DATA PROVIDED START

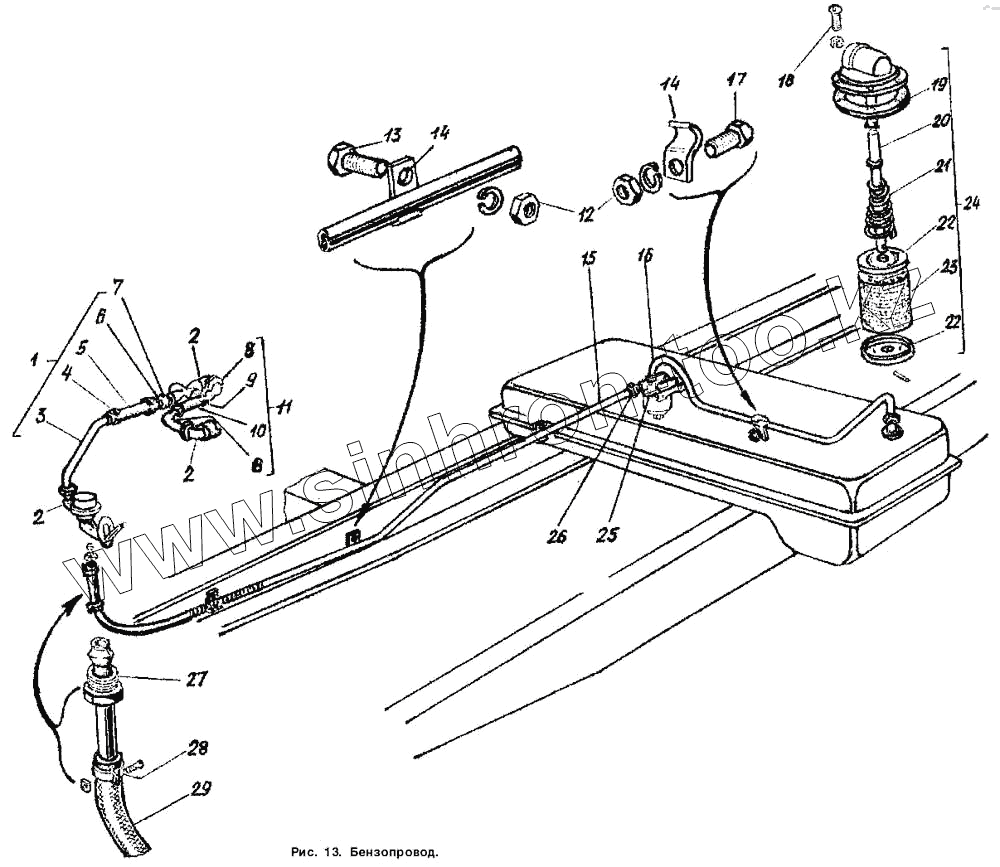 Каталог запасных частей к технике: ГАЗ-53 А. Бензопровод
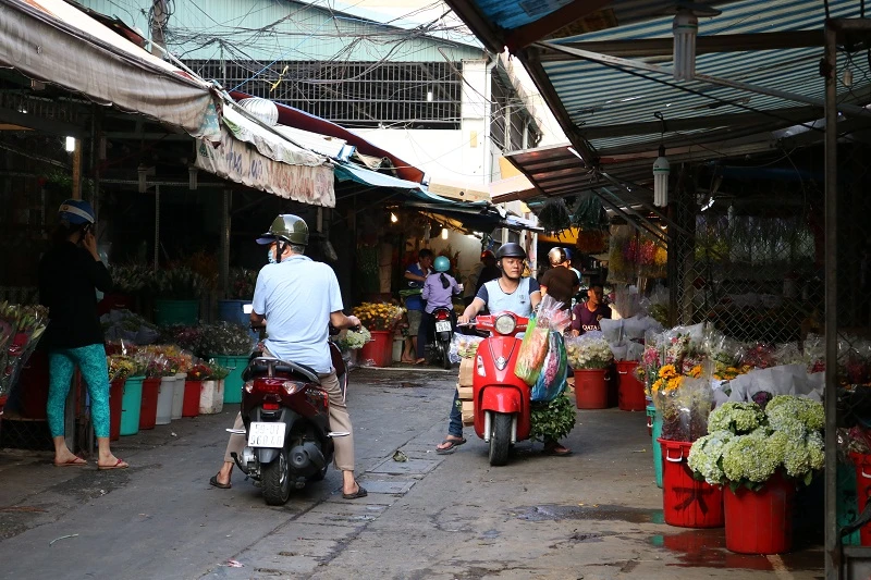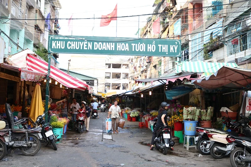 Một góc nhỏ trong khu chợ hoa Hồ Thị Kỷ.
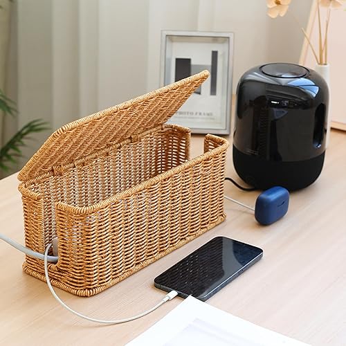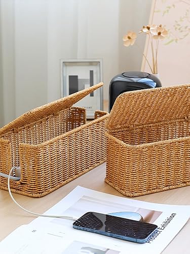 Scatola di Gestione dei Cavi in Imitazione Rattan, Scatola Rustica per l'organizzazione dei Cavi Intrecciati con Coperchio, Scatola per multipresa per Cavi per (A2)
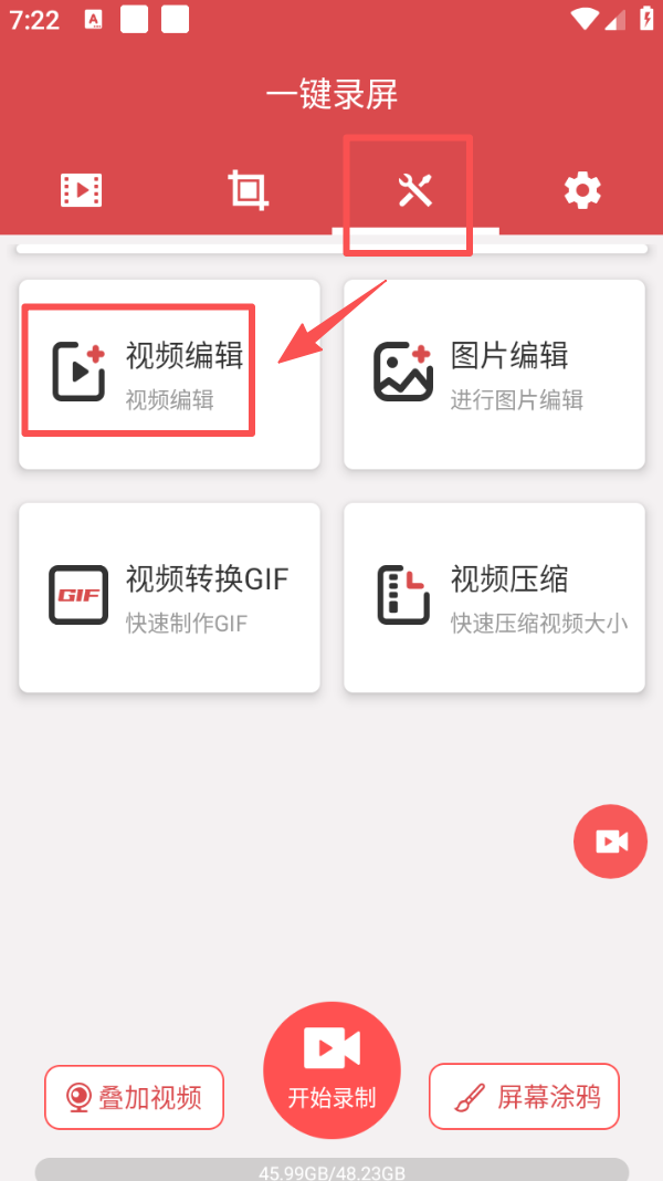 2、点击顶部工具图标,在展开的功能栏里选择 “视频编辑”,进入对应页面处理已有的视频素材。
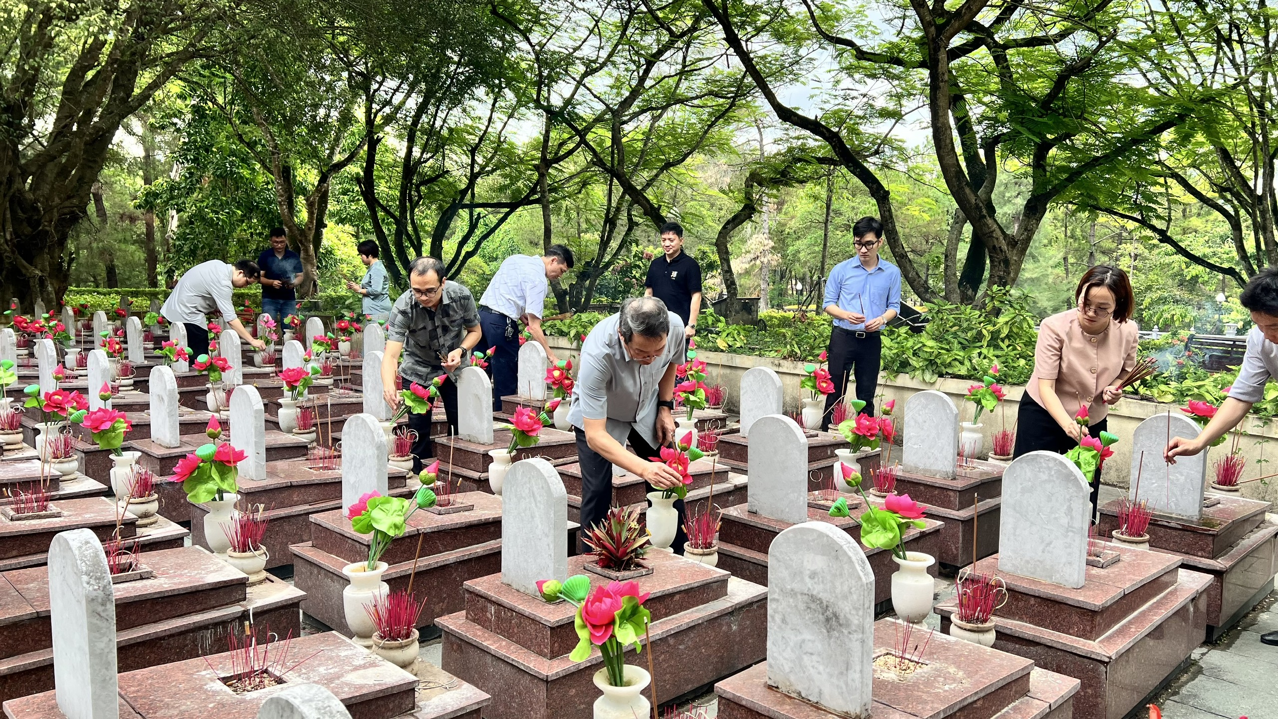 Đồng chí Nguyễn Tấn Vinh – Bí thư Đảng ủy, Viện trưởng Viện Kinh tế xây dựng và các đại biểu dâng hương tại Nghĩa trang Liệt sĩ Quốc gia Đường 9
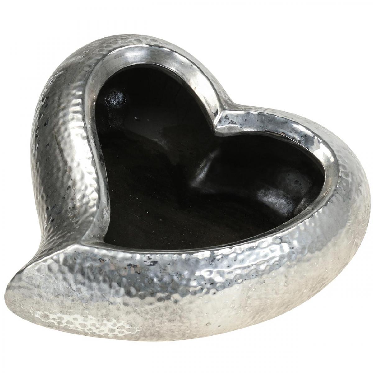 Ce bol à plantes en forme de cœur en argent est une façon très élégante de placer des fleurs en pot dans une belle jardinière. Le cœur en céramique à planter peut également être rempli de terre et planté directement comme bac à fleurs. - Ou vous pouvez utiliser le beau cœur de plante comme base noble pour des compositions florales sincères, par exemple comme décoration de table noble pour un mariage ou comme cœur de décoration funéraire digne.La jardinière mesure environ 24 centimètres de large et 10 centimètres de haut. À l'extérieur, le magnifique bol à fleurs déco cœur est émaillé en argent brillant et a une surface qui ressemble à une décoration en métal martelé.
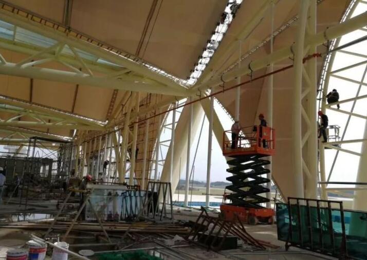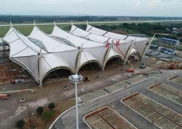 機(jī)場(chǎng)航站樓總面積近9000平米,整體采用國(guó)內(nèi)首創(chuàng)的鋼索膜結(jié)構(gòu)體系,用材和工藝都有嚴(yán)格要求,據(jù)悉,由于跨度大,重量達(dá)到45噸,然后膜結(jié)構(gòu)采用200噸的預(yù)拉張壓硬力,這種工藝精度要求高,施工難度大。鋼結(jié)構(gòu)拉索膜模擬船帆,鋼架、拉索形同桅桿,營(yíng)造出“遠(yuǎn)浦歸帆”場(chǎng)景,展示出濃郁的岳陽(yáng)地域文化特色。
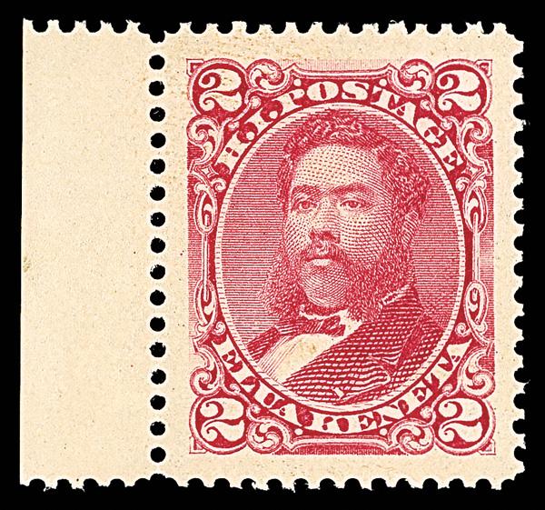 1886, King David Kalakaua, 2¢ rose (Scott 43), the SMQ does not currently price this issue, strong balanced margins, o.g., never hinged, Extremely Fine to Superb, with 2006 P.S.E. certificate graded XF-SUP 95J. Scott $11. (Image)
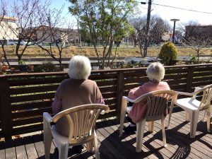 天気が良く暖かい日は、あいゆう自慢のテラスで日光浴。
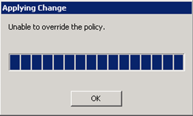 In Symantec Critical System Protection (SCSP) and Symantec Data Center Security Server (SDCS), an "Unable to Override the Policy" error is incurred when attempting to override a policy. Then, up to several minutes later, a notification appears in the system tray saying that "Prevention has been disabled". Up to several minutes after that, a system tray message appears that states "Prevention has been enabled" without any user action.
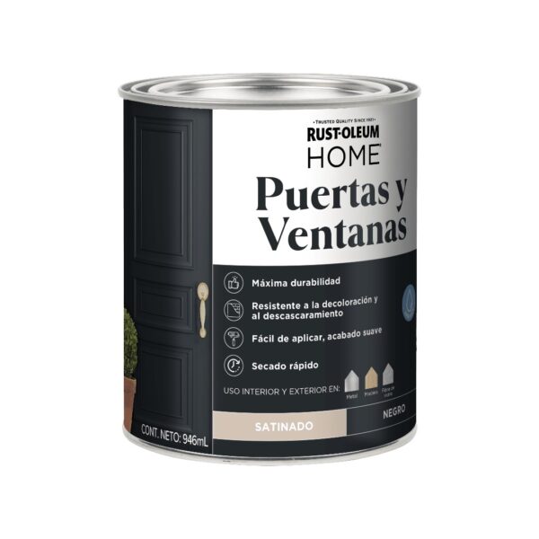 Pintura Home para Puertas y Ventanas Negro Satinado 946ml Rust-Oleum
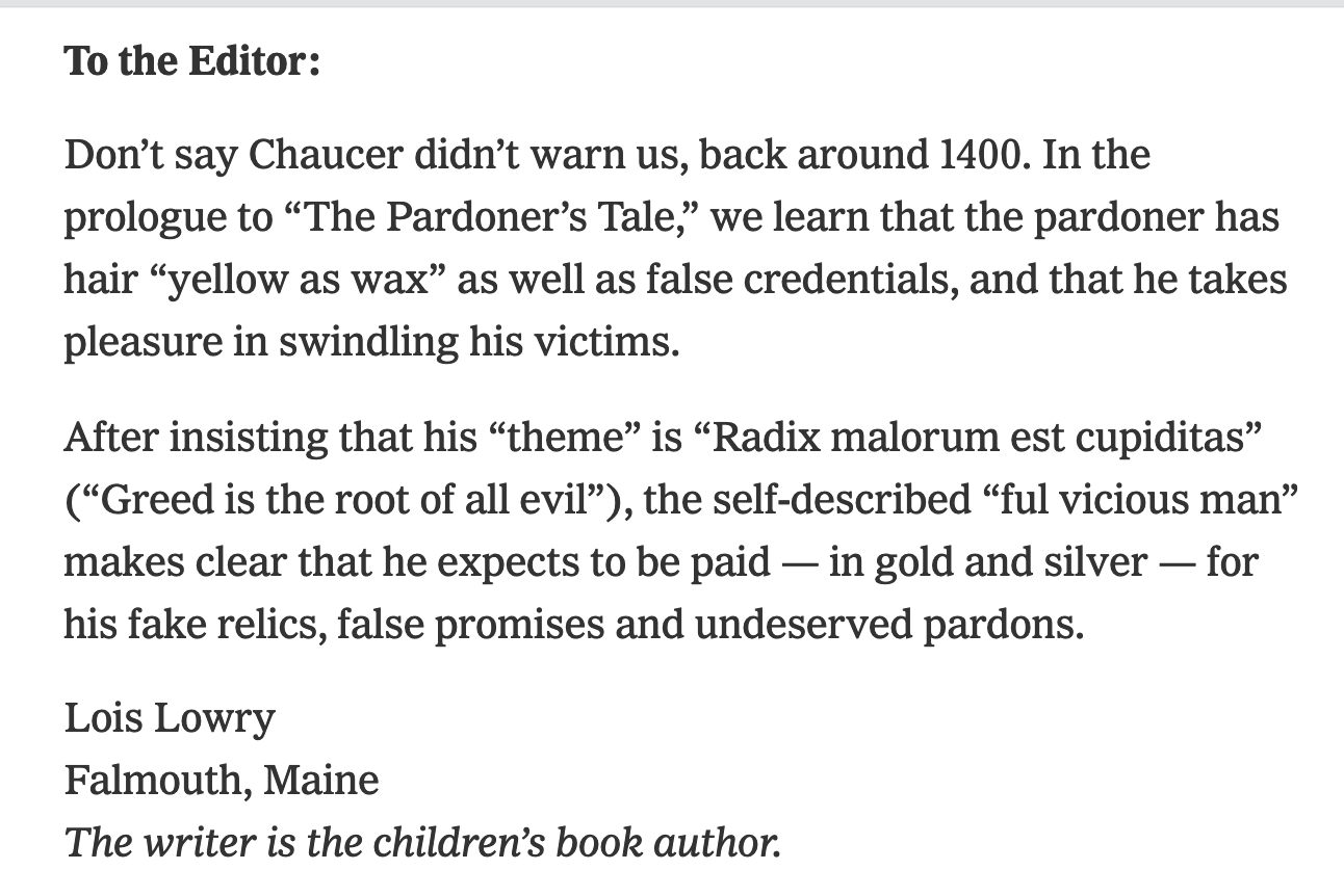 I lay there wondering if I were on a Trumpian enemies list somewhere. What had I done? Well, a while back…his first term, the end days… I wrote a letter to the NYT after he pardoned a lot of people including the 1/6 insurrectionsts. That letter is still in my computer, and still in the archives of the NYT, where it was published:
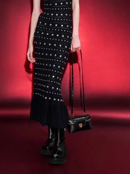 Vanity bags continue to dominate as one of the must-have accessories this season, and this all-black croc-effect iteration will complement any outfit. Featuring a top-handle silhouette and a front flap push-lock closure, it evokes the charm of vintage vanity cases with its elegant rectangular shape. In terms of functionality, it provides easy access to your essentials while keeping them secure. For versatility, you can either carry it by hand via the top handle or clip on the shoulder strap for a hands-free option.
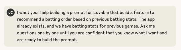 I recently built a feature to recommend a batting order. Here’s the start of the prompt:
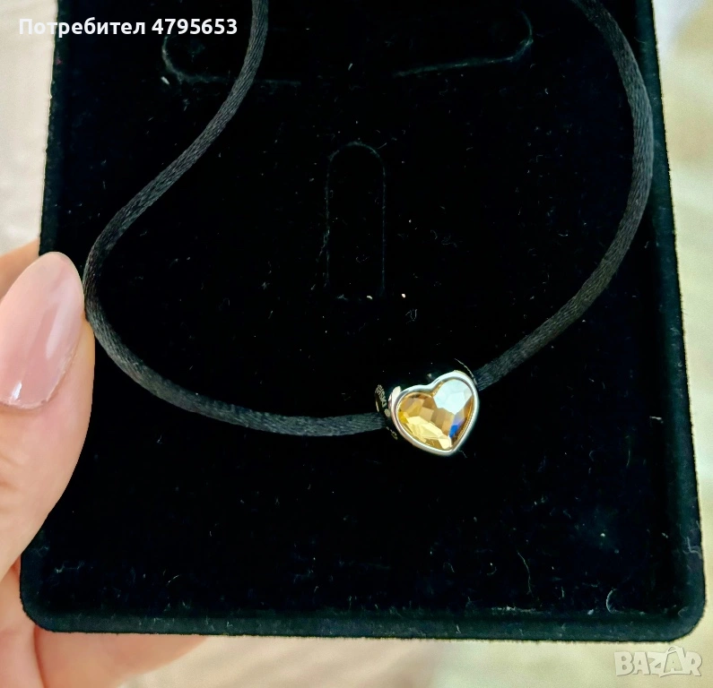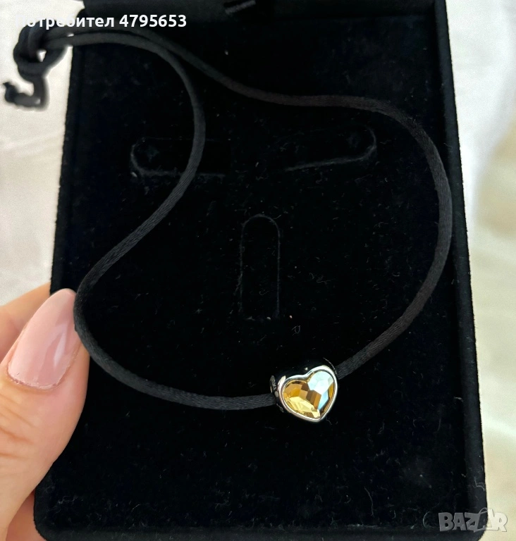 Висулка Swarovski, жълто сърце, с две лица, има камъни и от двете страни. Нова сатенена връвчица. В отлично състояние без никакви забележки. Не е носена. Кутията не е включена!
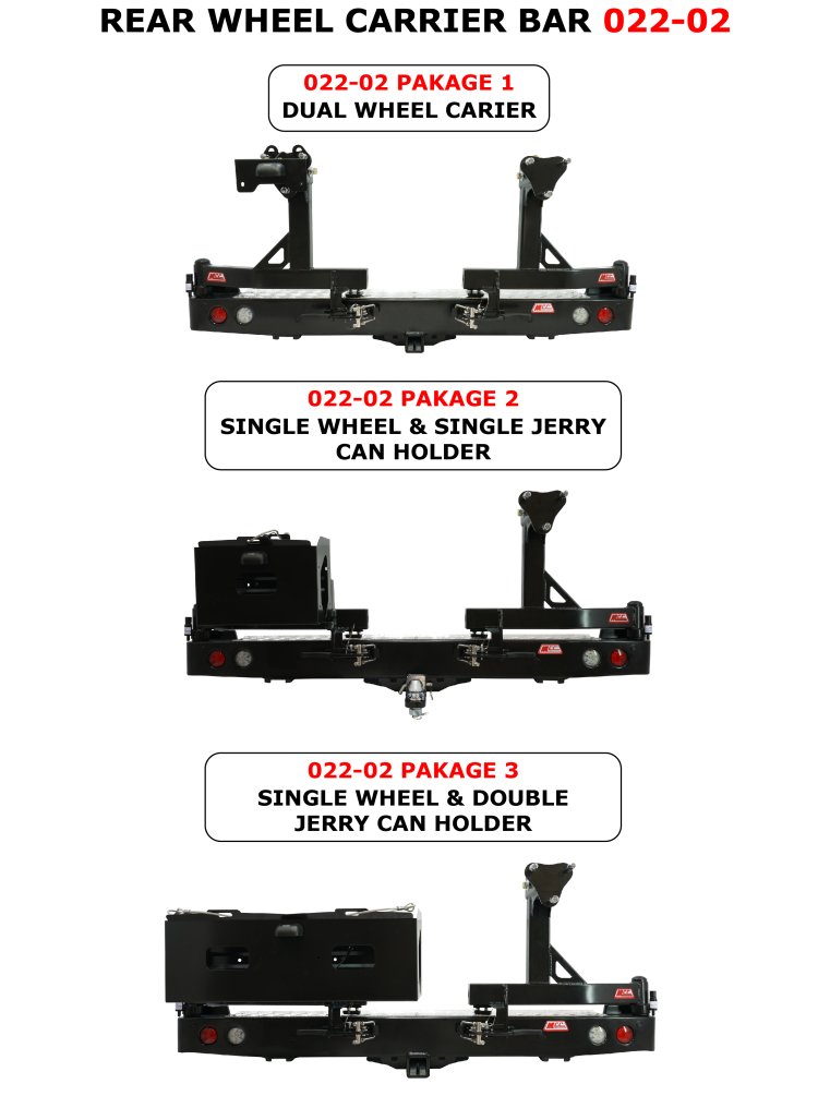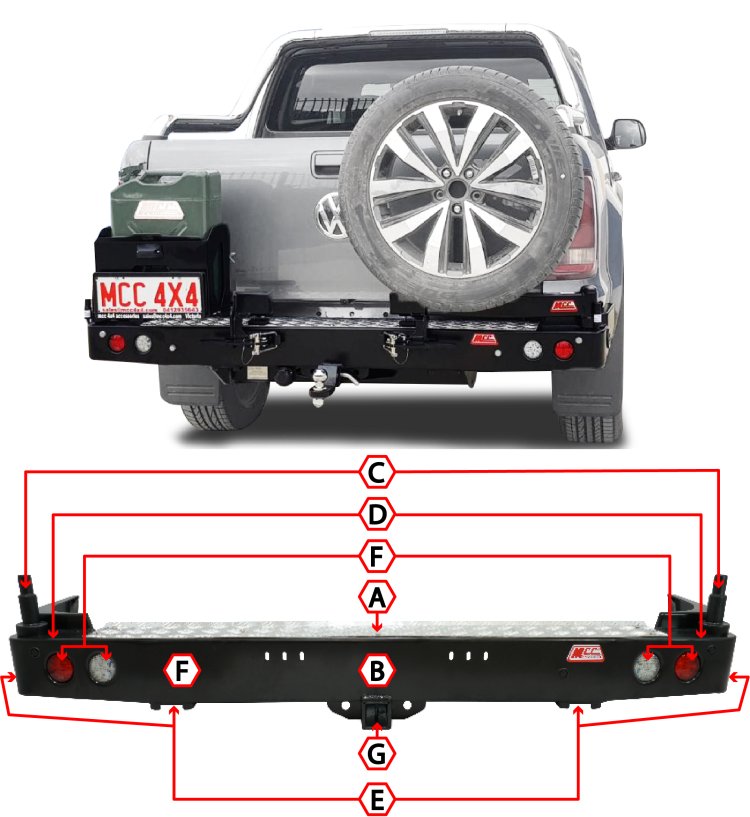 ADR Approved, the MCC Rear Carrier Bar is both tough and functional. With a semi gloss powder coated finish, LED number plate lamps, dual LED reverse, indicator & combination stop/tail lamps, pre-drilled universal parking sensor holes and non-slip checker plate step, this bar was built for the serious 4x4 enthusiast. Dual Wheel ,Single Jerry Can and Dual Jerry Can options are available.

DATA PROVIDED END

WORK TASK: In the entries above, which lines run from the one with "Vanity bags continue" up to and including the one with "I recently built"? Write them out exactly, without the pictures.

OUTPUT:
 Vanity bags continue to dominate as one of the must-have accessories this season, and this all-black croc-effect iteration will complement any outfit. Featuring a top-handle silhouette and a front flap push-lock closure, it evokes the charm of vintage vanity cases with its elegant rectangular shape. In terms of functionality, it provides easy access to your essentials while keeping them secure. For versatility, you can either carry it by hand via the top handle or clip on the shoulder strap for a hands-free option.
 I recently built a feature to recommend a batting order. Here’s the start of the prompt:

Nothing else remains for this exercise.